To strictly validate the robustness and generalization capability of the proposed framework, we conducted extensive experiments using Stratified 5-Fold Cross-Validation on the benchmark NSL-KDD and the high-dimensional CIC-IDS2018 datasets. The experimental results demonstrate that HCA-IDS achieves state-of-the-art performance, recording a Macro-F1 score of 94.06% on the CIC-IDS2018 dataset. Crucially, the model exhibits exceptional resilience against the long-tail distribution problem inherent in real-world traffic, significantly outperforming traditional hybrid baselines in detecting minority threats such as Web Attacks and Botnets. The analysis confirms that the proposed semantic alignment mechanism successfully preserves and amplifies the gradient signals of rare attack classes, preventing them from being overwhelmed by dominant benign traffic.

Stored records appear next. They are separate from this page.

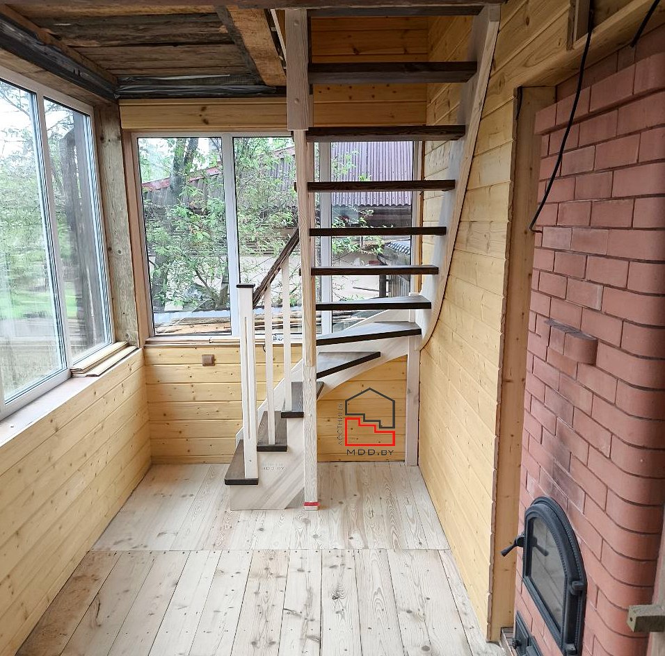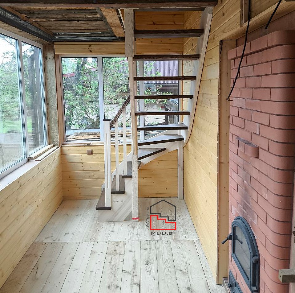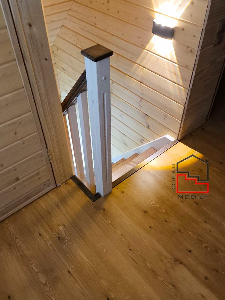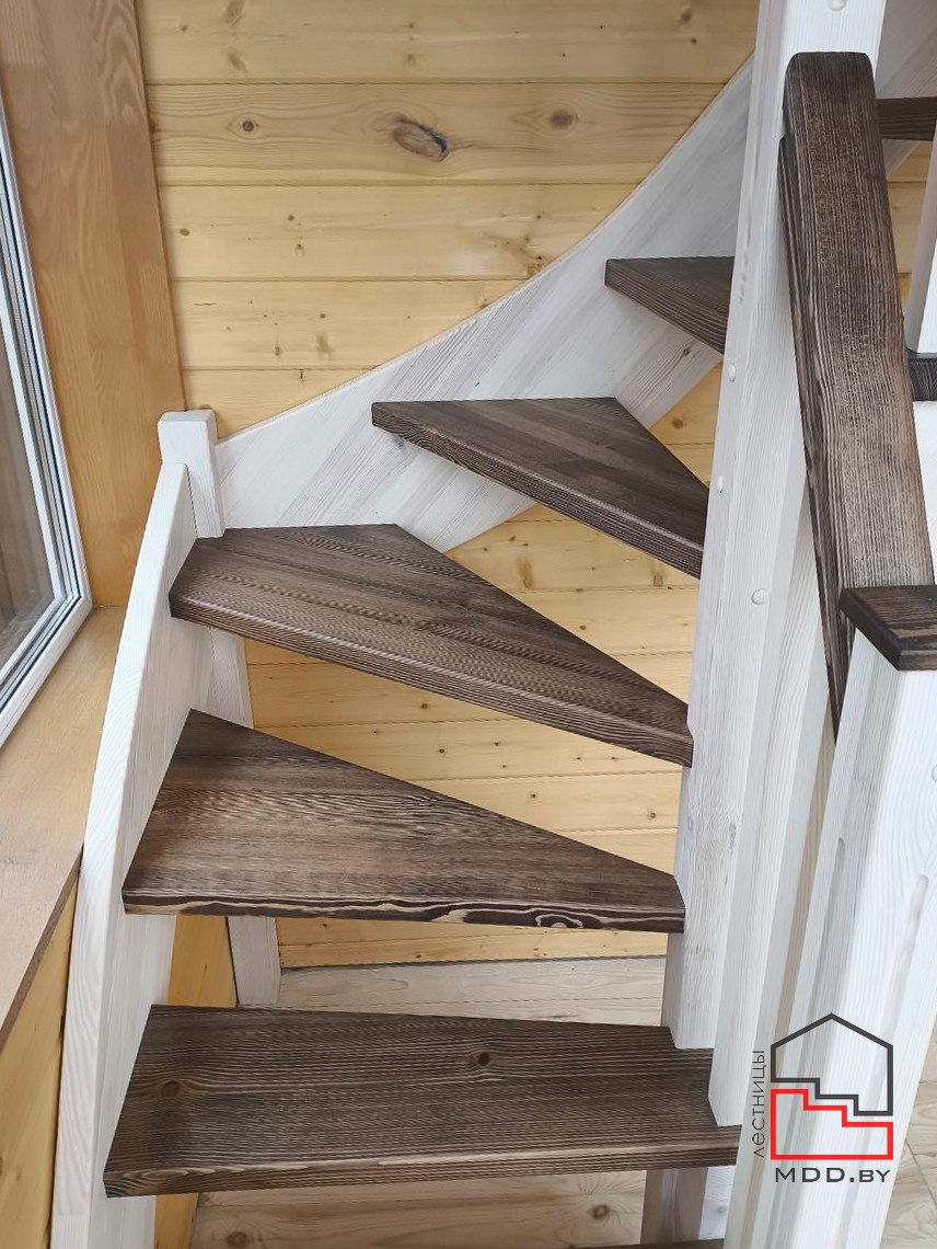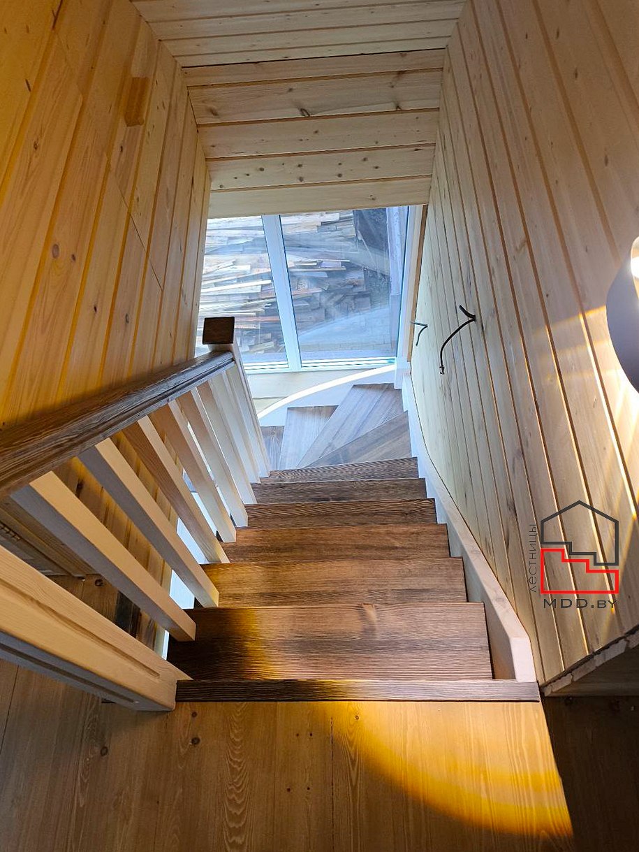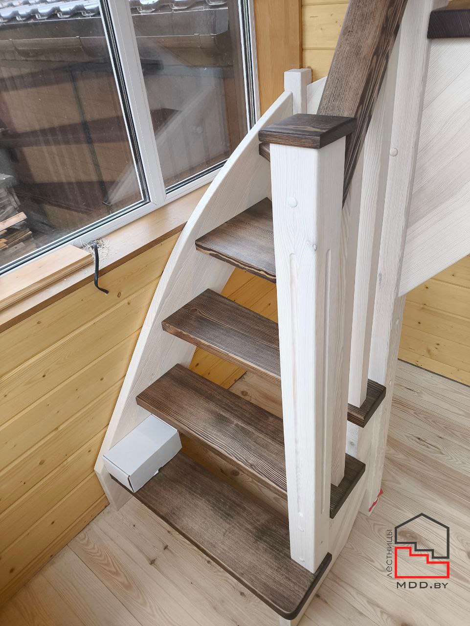 Г-образная лестница из сосны с сучками полного цикла производства.
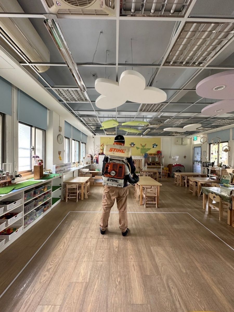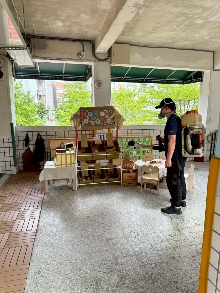 因應期中防疫措施,為加強校園環境衛生,請專業廠商安排人員前來本園進行全面性消毒作業,尤其針對教室、廁所及遊戲區等幼兒頻繁活動區域,確保幼童健康安全。
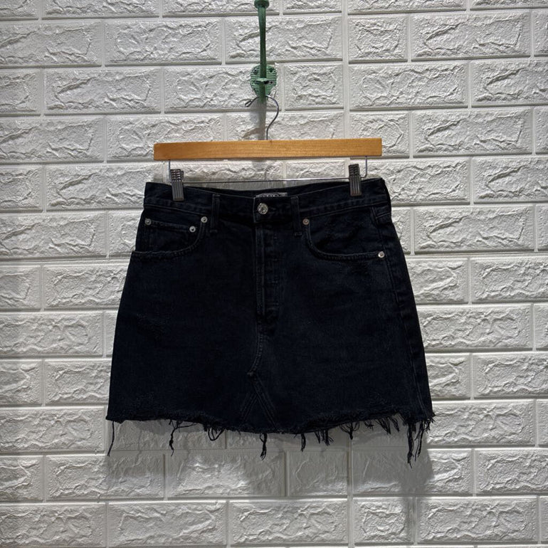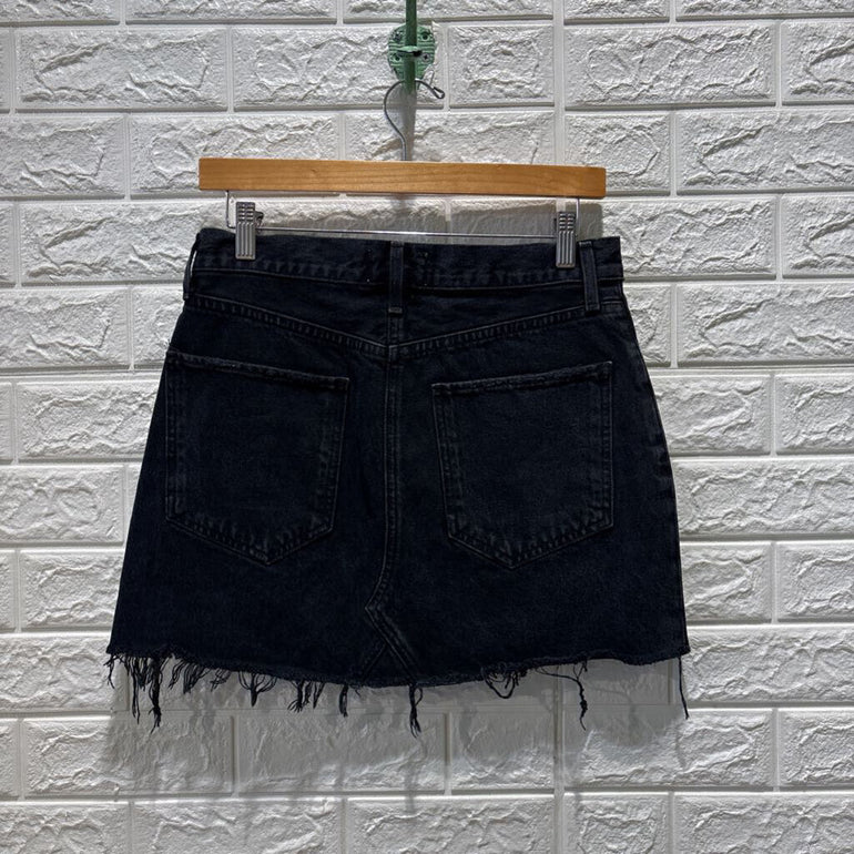 Button Fly Distressed Denim Skirt

In terms of deployment feasibility, HCA-IDS demonstrates a superior trade-off between accuracy and efficiency. With a compact model size of approximately 1.00 MB and an average inference latency of just 0.0037 ms per sample, the system supports a throughput exceeding 269,000 flows per second, satisfying the real-time processing requirements of automotive electronic control units. These findings suggest that the proposed lightweight, semantics-aware architecture offers a robust and practical solution for securing next-generation vehicular networks. Future work will focus on evaluating the model’s resilience against adversarial examples to further enhance its security in hostile environments, as well as exploring its implementation on automotive-grade hardware for hardware-in-the-loop validation.